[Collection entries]
.....

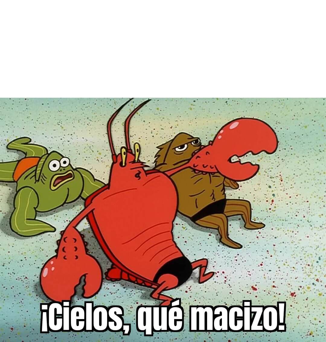 Larry y sus compañeros se muestran asombrados ante la (falsa) musculatura de Bob Esponja.
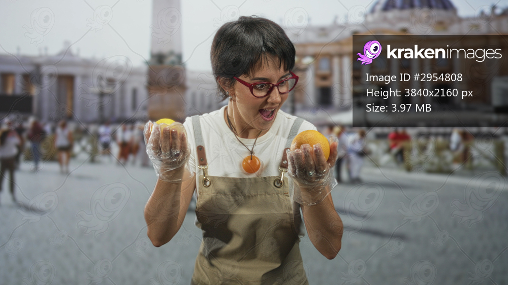 Woman wearing apron and plastic gloves holding an orange and a lemon, mouth open in surprise in building plaza; playful surprise.
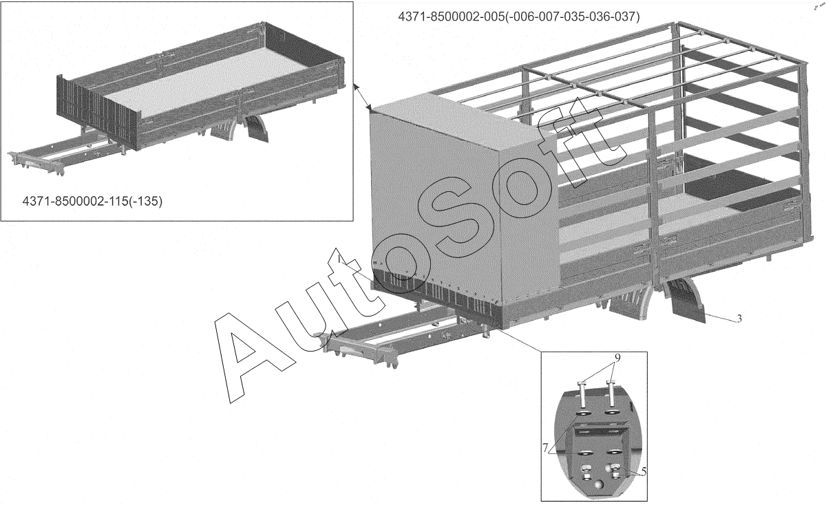 | МАЗ | МАЗ-437043 (Зубренок) (2011) | 4371-8501010-031 | Основание | Платформа 4371-8500020-030 (-010,-011,-012,-031,-032) (борта и стойки) | |
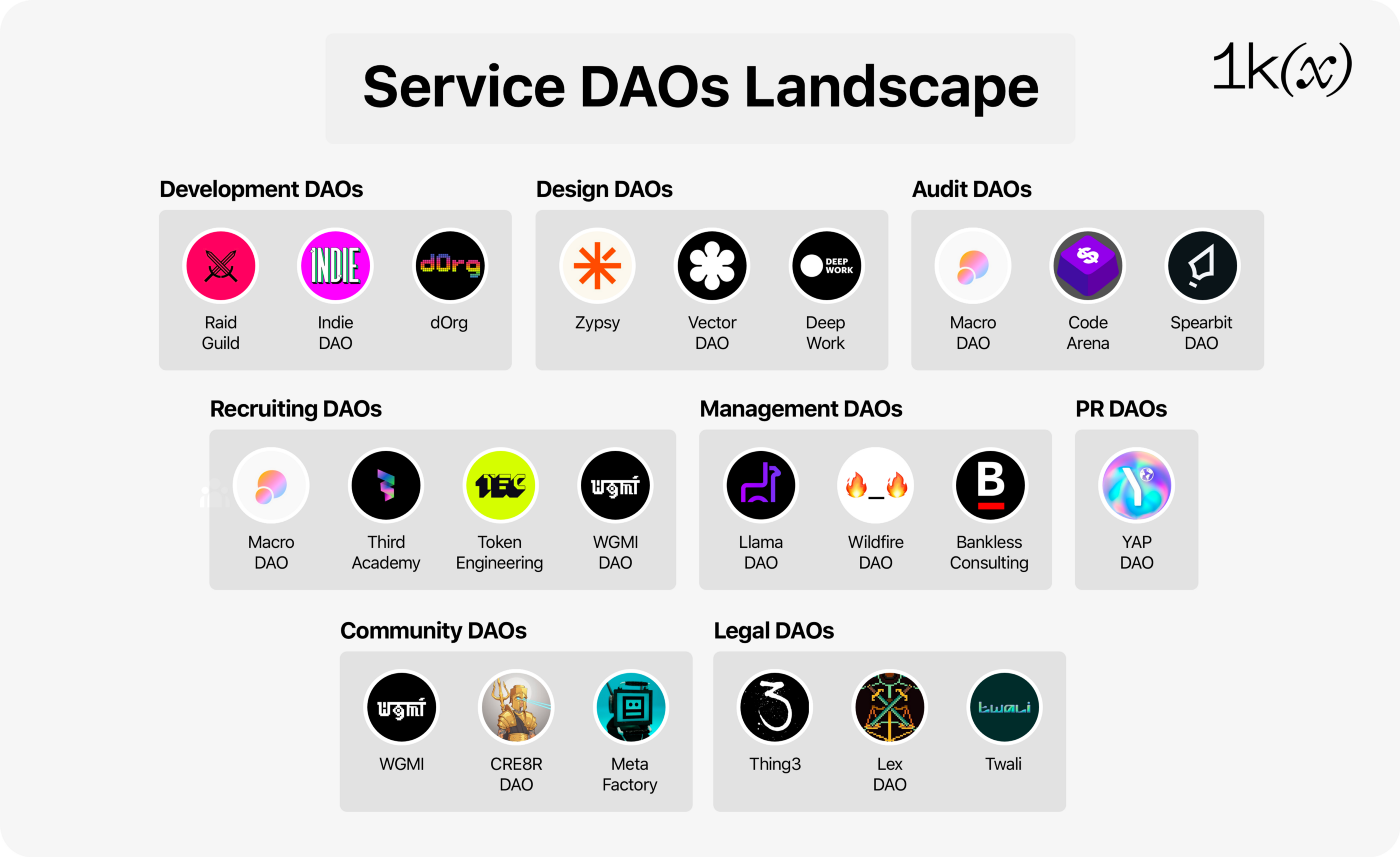 这个概念开辟了一个全新的领域——服务型DAO。我们将看到DAO派生出独立的小组,这些小组专注于一个特定的向量,并可以向多个其他DAO提供该服务。我们今天已经看到了资金管理型DAO的发展,如LlamaDAO服务于主要的DeFi协议,如Uniswap、AAVE、IndexCoop,以及其他服务型DAO,如Cre8rDAO(专注于内容创建和发布)和LexDAO(专注于构建下一代合同的法律方面的DAO)以及dOrg(一个完整的Web3开发集合)。
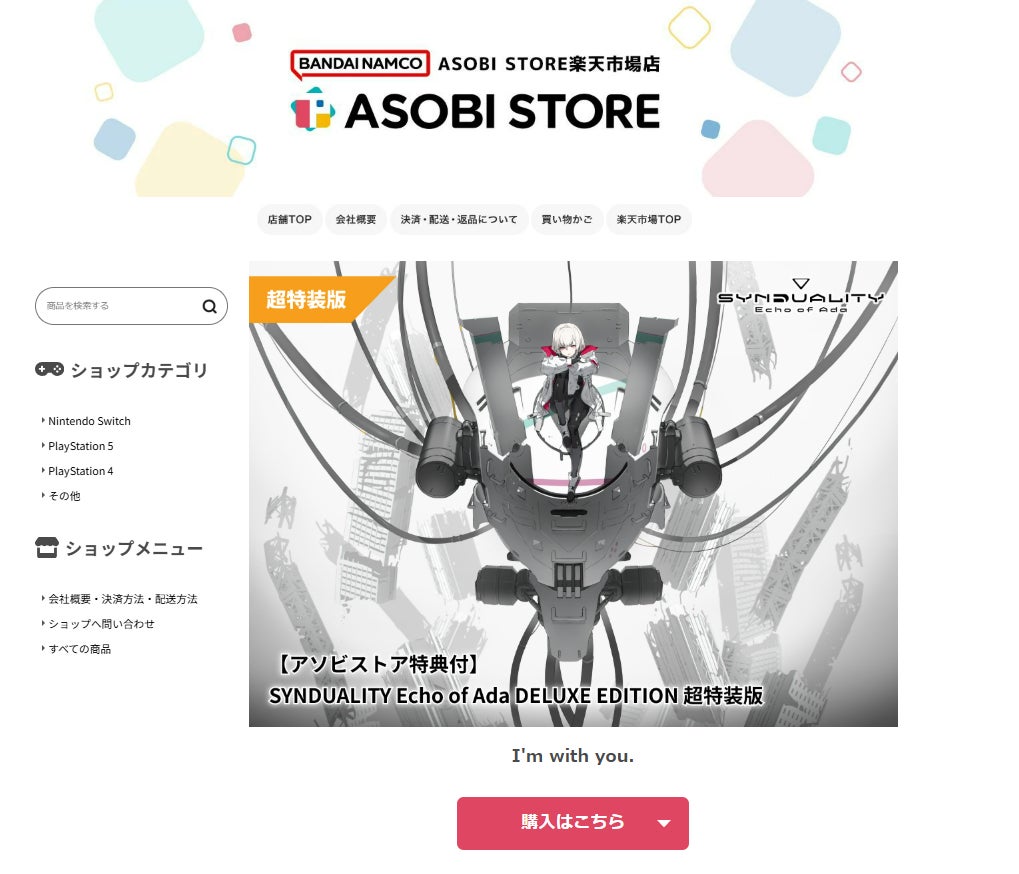 株式会社バンダイナムコエンターテインメントの公式エンタメコマースサイト『ASOBI STORE』の楽天市場支店につきまして、より商品を見つけやすく、より商品や特典内容がわかりやすく、店舗ページをリニューアルしたことをお知らせいたします。
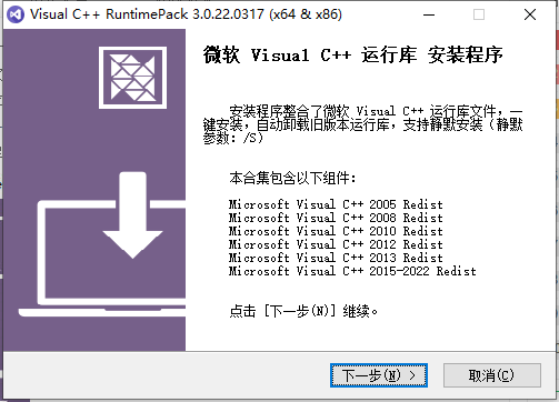 微软visual c++运行库合集包可解决以下文件缺失问题

.....

WORK INSTRUCTIONS –
Please keep the pictures out and reproduce the records above exactly.

YOUR SOLUTION –
 Larry y sus compañeros se muestran asombrados ante la (falsa) musculatura de Bob Esponja.
 Woman wearing apron and plastic gloves holding an orange and a lemon, mouth open in surprise in building plaza; playful surprise.
 | МАЗ | МАЗ-437043 (Зубренок) (2011) | 4371-8501010-031 | Основание | Платформа 4371-8500020-030 (-010,-011,-012,-031,-032) (борта и стойки) | |
 这个概念开辟了一个全新的领域——服务型DAO。我们将看到DAO派生出独立的小组,这些小组专注于一个特定的向量,并可以向多个其他DAO提供该服务。我们今天已经看到了资金管理型DAO的发展,如LlamaDAO服务于主要的DeFi协议,如Uniswap、AAVE、IndexCoop,以及其他服务型DAO,如Cre8rDAO(专注于内容创建和发布)和LexDAO(专注于构建下一代合同的法律方面的DAO)以及dOrg(一个完整的Web3开发集合)。
 株式会社バンダイナムコエンターテインメントの公式エンタメコマースサイト『ASOBI STORE』の楽天市場支店につきまして、より商品を見つけやすく、より商品や特典内容がわかりやすく、店舗ページをリニューアルしたことをお知らせいたします。
 微软visual c++运行库合集包可解决以下文件缺失问题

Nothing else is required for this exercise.